If he was unfair, he would call the Christian cross a “symbol of torture.”
The room was quiet.
“How do you feel?” he asked.
“Love thy neighbor? Do unto others?”
“Why should I come to rural America and help people who think I’m a terrorist and say, ‘Let’s ban these people from coming here! Ban these doctors from coming here!’ ”
He looked at his outline.
“So, now let’s get to the issues . . . ” he said. “Who believes that Islam supports and promotes terrorism?”
“None of you believe that? Really? Be honest! It’s okay! Nothing’s going to happen! I’m not a terrorist!”
Still no hands.
He moved on to what the Koran says about women, that they should be treated with dignity, and what Trump had said about grabbing women.
“What did he say? What did he say? You know what he said.”
He moved on to sharia.
“Sharia,” he said in a menacing voice. “Come on. You guys know. This is the Devil talking! Come on! You guys know this. Sharia. All Muslims want to impose sharia? Chop off your heads and gouge your eyes out? Right? Isn’t that what Muslims want to do? Isn’t that what I want to do?”

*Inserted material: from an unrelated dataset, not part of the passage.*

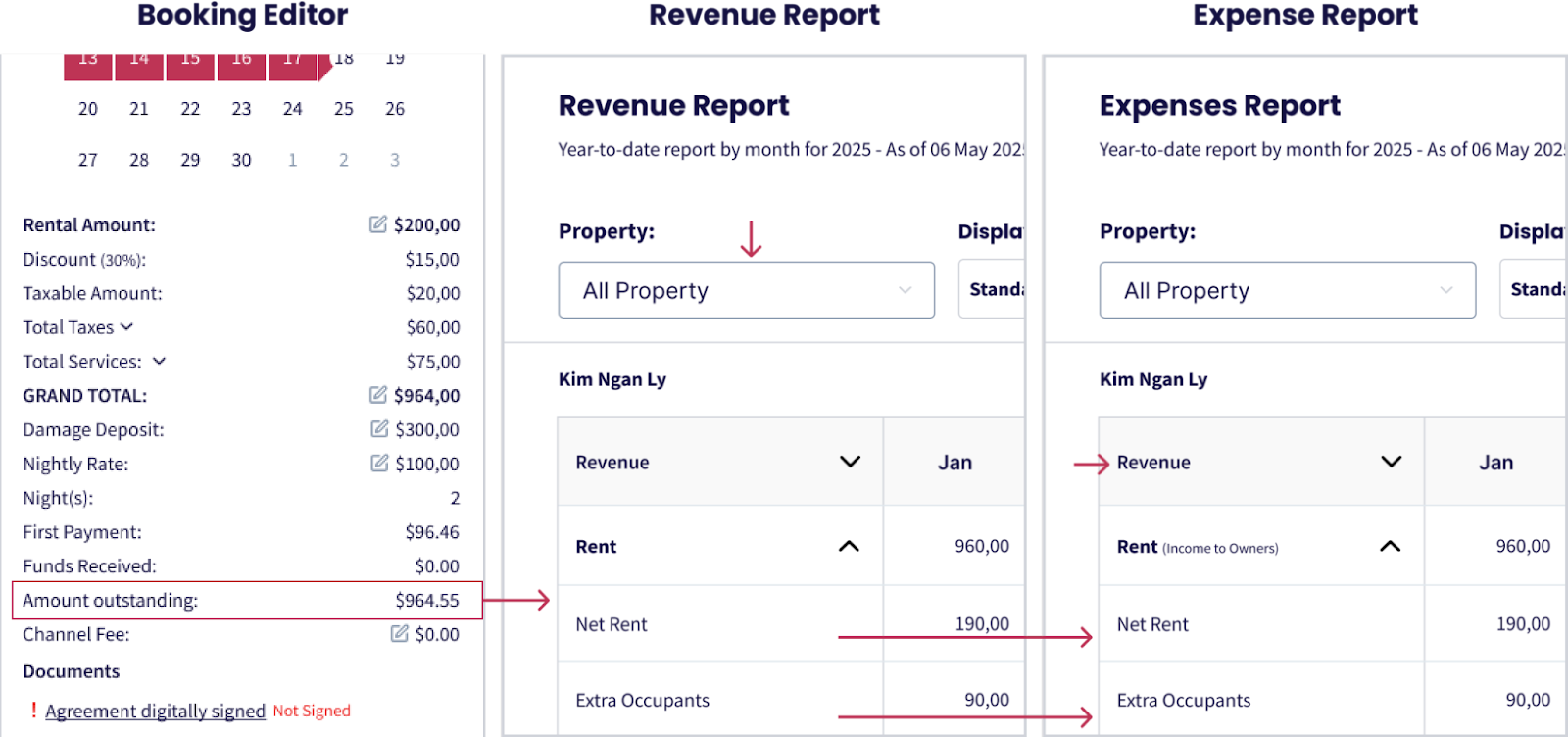 Para propiedades gestionadas, los importes de Renta Neta y Ocupantes Adicionales deben ser iguales tanto en el Informe de Ingresos como en el Informe de Gastos.

He kept going, veering on and off his outline, from arcane points of Islamic doctrine to the absurd things people say about Islam, which “are about as stupid as they come.”
He went over the history of Islam in America. He mentioned that Thomas Jefferson hosted what is considered the first iftar dinner, the meal that breaks the fast during the holy month of Ramadan. He talked about refugees. He talked about mercy. He talked and kept talking, and after an hour and a half in which not one person had left the room, Pastor Mandy tapped him on the arm and whispered that he needed to finish.
“I gotta do this,” he told her.
He had one last thing to say, about judgment. He read the Bible verse he had written down the night before from the Gospel of Matthew, which describes what Jesus will say to those who professed his name but failed him.
“And he will say, ‘I never knew you,’ ” Ayaz read. “ ‘Get away from me, you wicked people.’ ”
He looked up from his notes at the audience.
“He’s telling this to you,” Ayaz said. “So.”
He gathered his outline.
“Anyway,” he said. “I’m not going to talk about anything else.”
He sat down. He was exhausted.
I’m glad he was pissed off when he spoke. Because you can’t give a calm and rational speech to people who for the past decade have let Rush Limbaugh and Alex Jones and Fox News vomit into their head cavities.